UK Government plans to cut welfare benefits still further were, as expected, put back on track last night, Wednesday, when the House of Commons voted 309 to 275 to throw out an amendment passed by the House of Lords last week after an impassioned plea from a well-known former wheelchair athlete.
The bill, when it is finally approved and given the formality of Royal Assent, will hit people with disabilities who are assessed, often wrongly, as being fit enough to work This includes those with multiple sclerosis.
Indeed, a huge proportion of such people who have been judged as ‘fit to work’, under the Employment and Support Allowance’s Work Capability Assessment, have had their assessments overturned on appeal.
Last night, the Welfare Reform and Work Bill was back in the House of Commons as the latest stage of what has been labelled parliamentary ‘ping pong’ with the bill being played back and forth like a table tennis ball between the two Houses that together form the British parliament.
The bill aims to implement a number of changes including lowering the benefits cap, reducing support to low income in-work families through cuts to child tax credits, toughening work-related requirements for Universal Credit, changing Support for Mortgage Interest from a grant into a loan and, most controversially, cutting the Work Related payments of Employment and Support Allowance, for new claimants, by around £30 a week.

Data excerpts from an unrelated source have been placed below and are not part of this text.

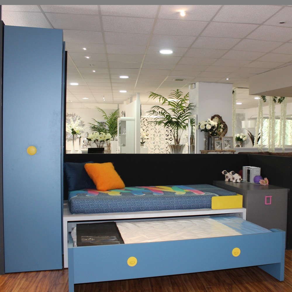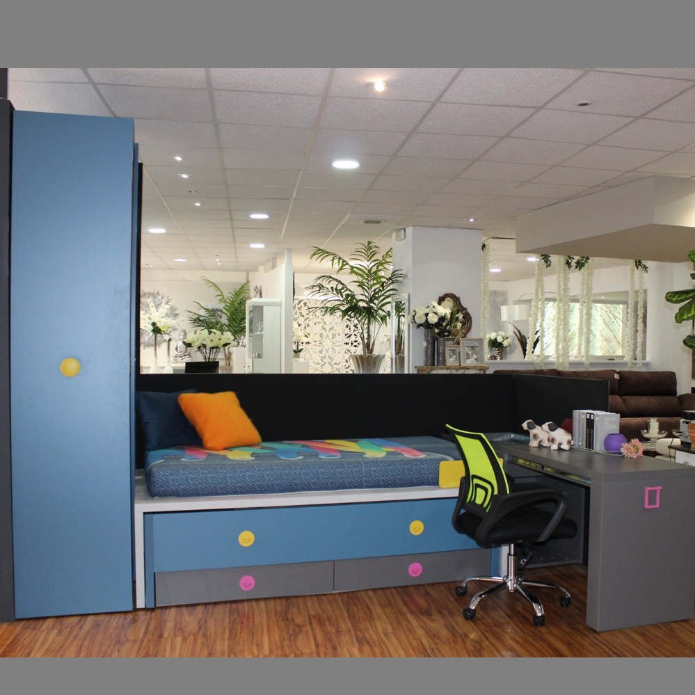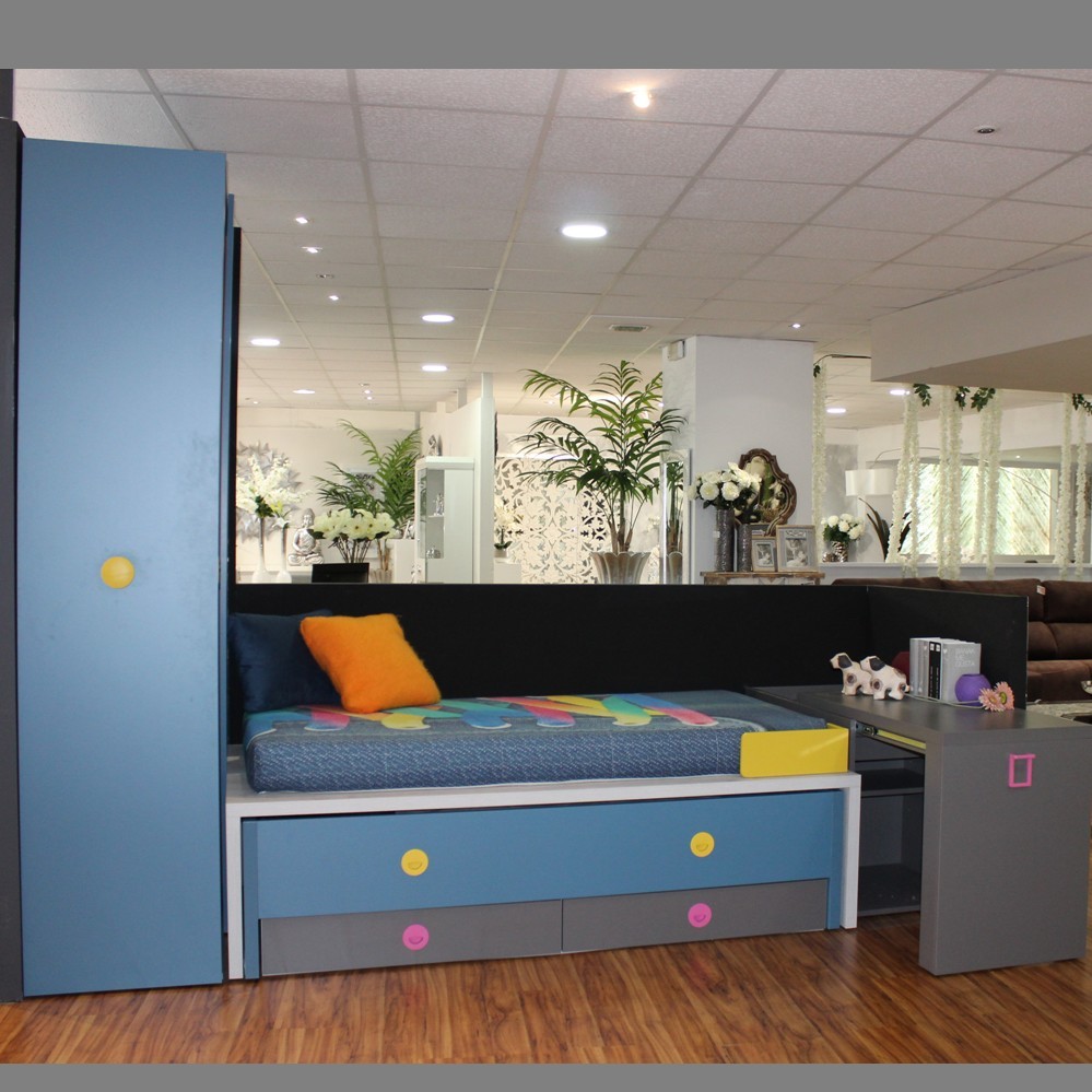 La cama superior lleva tablero de 4 cms y refuerzo metálico convirtiéndola en la más fuerte del mercado. Aunque se use como “sofá” sentándose en su borde varias personas no comba ni tiembla. La cama inferior también de gran calidad, abre con suma facilidad. Y para terminar, los dos cajones inferiores, que se abren con guías de aluminio, también están reforzados y son los más fuertes del mercado. Comprueba en el video como la chica despues de abrir el cajon se mete dentro para demostrar como aguanta perfectamente su peso sin deformarse ni romperse.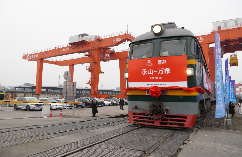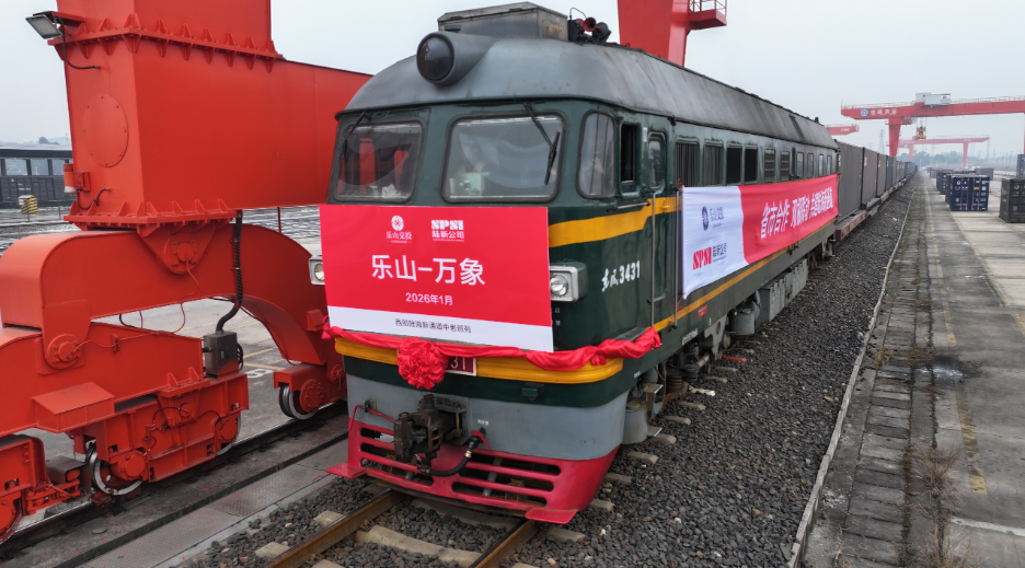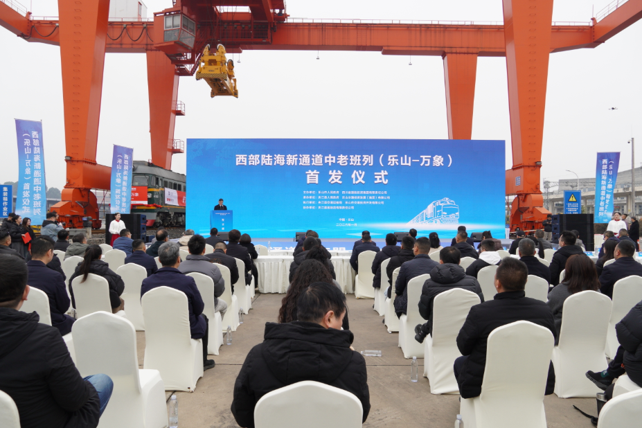 1月23日,西部陆海新通道中老班列(乐山—万象)首发仪式举行,一辆满载“乐山造”产品的中老班列从成昆铁路夹江站鸣笛启程,将经云南昆明王家营西中转、磨憨口岸出境,最终抵达老挝万象、琅勃拉邦,标志着以乐山夹江为起点的南向国际物流大通道正式贯通,乐山“公铁水空”立体开放的交通新格局全面开启。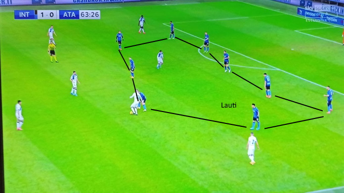 Nel secondo tempo, paradossalmente è stato poi Lautaro che meglio ha espresso la grande generosità dei nerazzurri. Conte gli ha infatti chiesto un lavoro sfiancante in fase di non possesso. L’argentino si abbassava, nella propria trequarti sulla stessa linea dei centrocampisti: si formava quindi un 5-4-1 molto solido, che come prima cosa cercava di togliere spazi agli avversari. L’Inter è così riuscita, seppur con qualche affanno nel finale, a resistere all’assedio orobico.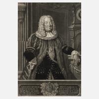 prachtvolles Bildnis des Adam Rudolf Kress von Kressenstein (1678 bis 1742) im Pelzmantel, im herrschaftlichen Interieur, unter der Darstellung Text in Latein, Mezzotintoradierung, Mitte 18. Jh., in der Platte unten rechts bezeichnet "Val. Dan. Preisler Sculps" (Valentin Daniel Preissler hat gestochen), unten links bezeichnet "J. L. Hirschmann effig. pinx." (Johann Leonhard Hirschmann hat gezeichnet und gemalt), minimal fleckig, unter Passepartout und hinter Glas gerahmt, Darstellungsmaße ca. 41 x 29 cm. Künstlerinfo: auch Preisler, dt. Kupferstecher (1717 Nürnberg bis 1765 ebenda), Sohn des Nürnberger Malers Johann Daniel Preissler, Lehre bei Bernhard Vogel, ging anschl. für zwei Jahre zu seinem Bruder nach Kopenhagen, führte die von Vogel begonnene Serie von Schabkunstblättern nach Johann Kupetzky fort und veröffentlicht diese 1745 in Nürnberg, Quelle: Thieme-Becker und Wikipedia.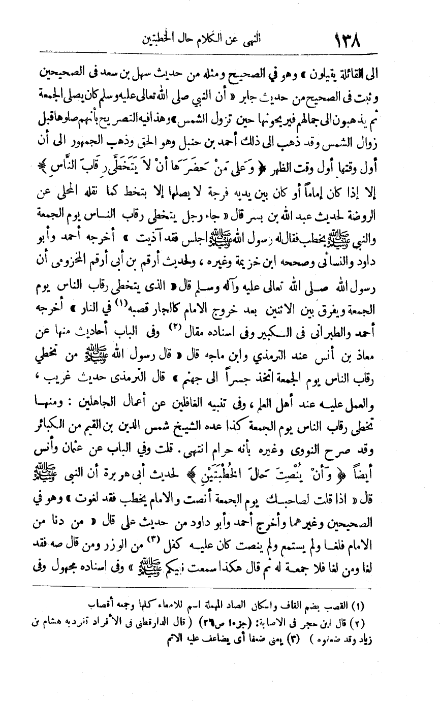 إلى القائلة يقيلون, وهو في الصحيح ومثله من حديث سهل بن سعد في الصحيحين وثبت في الصحيح من حديث جابر أن النبي صلى الله تعالى عليه وسلم كان يصلي الجمعة ثم يذهبون إلى جمالهم فيريحونها حين تزول الشمس, وهذا فيه التصريح بأنهم صلوها قبل زوال الشمس, وقد ذهب إلى ذلك أحمد بن حنبل وهو الحق. وذهب الجمهور إلى أن أول وقتها أول وقت الظهر. "وعلى من حضرها أن لا يتخطى رقاب الناس" إلا إذا كان إماماً أو كان بين يديه فرجة لا يصلها إلا بتخط كما نقله المحلي عن الروضة, لحديث عبد الله ابن بسر قال: جاء رجل يتخطى رقاب الناس يوم الجمعة والنبي صلى الله عليه وسلم يخطب فقال له رسول الله صلى الله عليه وسلم: "اجلس فقد آذيت" أخرجه أحمد وأبو داود والنسائي وصححه ابن خزيمة وغيره, ولحديث أرقم بن أبي أرقم المخزومي أن رسول الله صلى الله تعالى عليه وآله وسلم قال: "الذي يتخطى الناس يوم الجمعة ويفرق بين الاثنين بعد خروج الإمام كالجارّ قُصبه1 في النار". أخرجه أحمد والطبراني في الكبير وفي إسناده مقال2, وفي الباب أحاديث منها عن معاذ بن أنس عند الترمذي وابن ماجه قال: قال رسول الله صلى الله عليه وسلم: "من تخطى رقاب الناس يوم الجمعة اتخذ جسرا إلى جهنم" قا ل الترمذي: حديث غريب والعمل عليه عند أهل العلم. وفي تنبيه الغافلين عن أعمال الجاهلين: ومنها تخطي رقاب الناس يوم الجمعة كذا عده الشيخ شمس الدين بن القيم من الكبائر, وقد صرح النووي وغيره بأنه حرام انتهى. قلت: وفي الباب عن عثمان وأنس أيضا. وأن ينصت حال الخطبتين لحديث أبي هريرة أن النبي صلى الله عليه وسلم قال: "إذا قلت لصاحبك يوم الجمعة أنصت والإمام يخطب فقد لغوت" وهو في الصحيحين وغيرهما وأخرج أحمد وأبو داود من حديث علي قال: "من دنا من الإمام فلغا ولم يستمع ولم ينصت كان عليه كفل3 من الوزر, ومن قال صه فقد لغا ومن لغا فلا جمعة له", ثم قال: هكذا سمعت نبيكم صلى الله عليه وسلم, وفي إسناده مجهول, وفي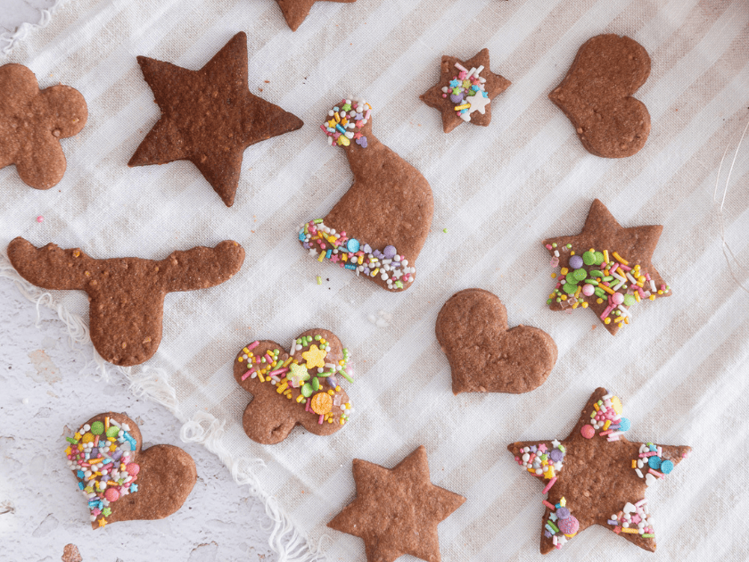 Diese Plätzchen sind die schokoladige Antwort auf Butterplätzchen! Vor allem, wenn du Plätzchen mit Kindern bäckst, gibt es keine größere Freude, als gemeinsam die Plätzchen auszustechen und später zusammen mit Zuckerguss und Streuseln zu dekorieren.

Before last night, this had been approved by the Commons, thrown out by the Lords, re-approved by the Commons and delayed by the Lords a second time on Monday this week when the Lords voted to approve an amendment, by 289 and 219, to delay the ESA cuts pending a parliamentary report on the impact on claimants.
Crossbench (unaligned) Baroness Tanni Grey Thompson, a former international wheelchair athlete, made a passionate speech urging the Lords to oppose the cuts.
If allowed to remain, the amendment would have meant that the cut could only be implemented once a full impact assessment had been carried out. The report would then be put before both Houses and they would vote on the legislation.
But the Commons, as the elected House, has rejected this particular Lords’ amendment.